If I had a senior member of the team that was incredibly knowledgeable but occasionally lied, but in a predictable way, I would still find that valuable. Talking to people is a very quick and easy way to get information about a specific subject in a specific context, so I could ask them targetted questions that are easy to verify, the worst thing that happens is I 'waste' a conversation with them.
Sure, but LLMs don't lie in a predictable way. Its just their nature that they output statistical sentence continuations, with a complete disregard for the truth. Everything that they output is suspect, especially the potentially useful stuff that you don't know whether it's true or false.
They do lie in a predictable way: if you ask them for a widely available fact you have a very high probability of getting the correct answer, if you ask them for something novel you have a very high probabilty of getting something made up.
If I'm trying to use some tool that just got released or just got a big update, I wont use AI, if I want to check the syntax of a for loop in a language I don't know I will. Whenever you ask it a question you should have an idea in your mind of how likely you are to get a good answer back.
I suppose, but they can still be wrong on the common facts like number of R's in strawberry that are counter-intuitive.
I saw an interesting example yesterday of type "I have 3 apples, my dad has 2 more than me ..." where of the top 10 predicted tokens, about 1/2 led to the correct answer, and about 1/2 didn't. It wasn't the most confident predictions that lead to the right answer - pretty much random.
The trouble with LLMs vs humans is that humans learn to predict facts (as reflected in feedback from the environment, and checked by experimentation, etc), whereas LLMs only learn to predict sentence soup (training set) word statistics. It's amazing that LLM outputs are coherent as often as they are, but entirely unsurprising that they are often just "sounds good" flow-based BS.

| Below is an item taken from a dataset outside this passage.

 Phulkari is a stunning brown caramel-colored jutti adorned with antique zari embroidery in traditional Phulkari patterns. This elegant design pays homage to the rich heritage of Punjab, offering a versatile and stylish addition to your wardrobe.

I think maybe this is where the polarisation of those who find chatGPT useful and those who don't comes from. In this context, the number of r's in strawberry is not a fact: its a calculation. I would expect AI to be able to spell a common word 100% of the time, but not to be able to count letters. I don't think in the summary of human knowledge that has been digitised there are that many people saying 'how many r's are there in strawberry', and if they are I think that the common reply would be '2', since the context is based on the second r. (people confuse strawbery and strawberry, not strrawberry and strawberry).

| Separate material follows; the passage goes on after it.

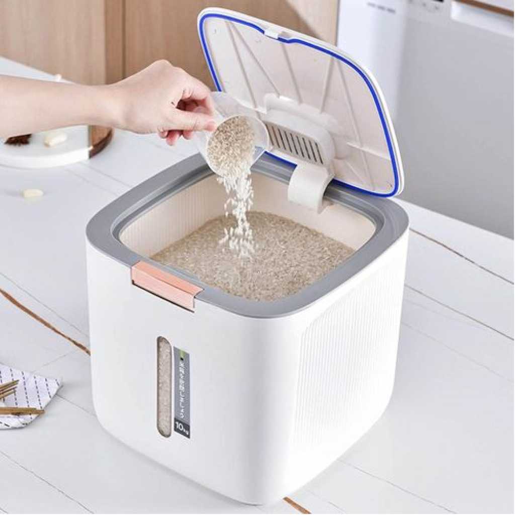 Key Features: 【BPA-FREE DOG STORAGE CONTAINER】 Dog containers is made of premium food-grade PP material, durable and safe to keep your food fresh. 【LARGE DOG FOOD STORAGE】 This containter has a 20 Lbs capacity of rice. Good for storing everything from rice, cereal, flour, oatmeal, snacks, pasta, beans, sugar, pet food and more. Also great for pet food; easy to clean and scoop food from, and tight lids keep out moisture and humidity. 【SUPER EASY TO USE】 Our food storage container easily open the cereal container by simply pushing button on the lid. you can easily keep it closed. It also comes with a measuring cylinder, making it super easy to use. 【SUPERB SEALING】 Double silicone seal & double silicone sealing ring to achieve effective triple sealing, waterproof and moisture-proof. Putting it in a dry place can extend the life of the rice bucket. There is also a desiccant slot on the inside of the lid, which keeps out moisture and all bugs. High quality material, durable, easy to clean, and environmentally friendly. Visual design, real-time observation of rice storage and timely replenishment, easy to move. Multi-purpose: store rice, flour, beans, dried fruits, candy, cereals and other sundries. Color of and elegant, simple and beautiful, different decorative styles are a beautiful landscape. Food storage containers are sealed. The container is a closed environment to ensure that the food is dry. Convenient storage and space saving.

Your apples question is the same, its not knowledge, it's a calculation, it's intelligence. The only time you're going to get intelligence from AI at the moment is to ask a question that a significantly large number of people have already answered.

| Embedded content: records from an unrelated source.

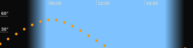 Höchster Stand (Kulmination)06:20 Uhr (h = 53,4°)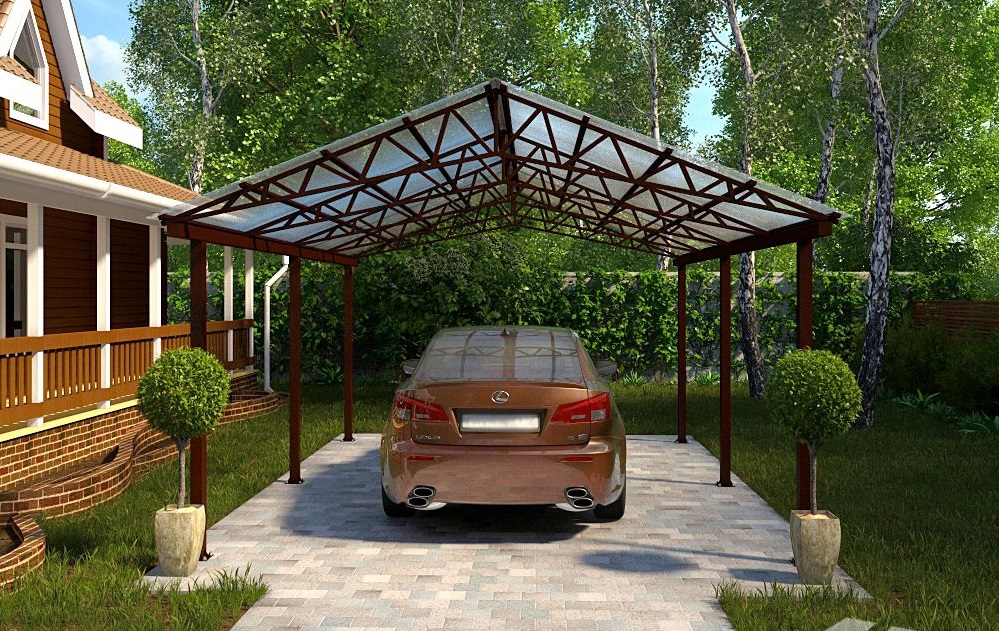 Стандартные характеристики каркаса навеса: столбы 80х80х3мм.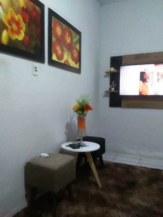 02 QUARTOS, SALA DE ESTAR, BANHEIRO SOCIAL, COZINHA, AREA DE SERVICO, QUINTAL TODO ACIMENTADO, LADO DA SOMBRA, FORRADA EM GESSO E PISO EM CERAMICA BRANCA |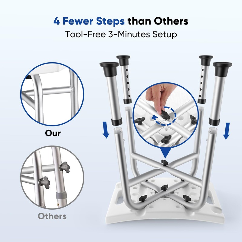 - 【3-Minute Assembly, No Tools Required】Assemble this shower chair for inside tub in just 3 minutes with zero tools! Unlike most shower benche or shower seat, it features 4 fewer screws for faster, easier setup. The included step-by-step manual and clear installation labels ensure a smooth, hassle-free process. Enjoy convenience right out of the box—ideal for users who want quick and reliable assembly.

True, but that just goes to show how brittle these models are - how shallow the dividing line is between primary facts present (hopefully consistently so) in the training set, and derived facts that are potentially more suspect.
To make things worse, I don't think we can even assume that primary facts are always going to be represented in abstract semantic terms independent of source text. The model may have been trained on a fact but still fail to reliably recall/predict it because of "lookup failure" (model fails to reduce query text to necessary abstract lookup key).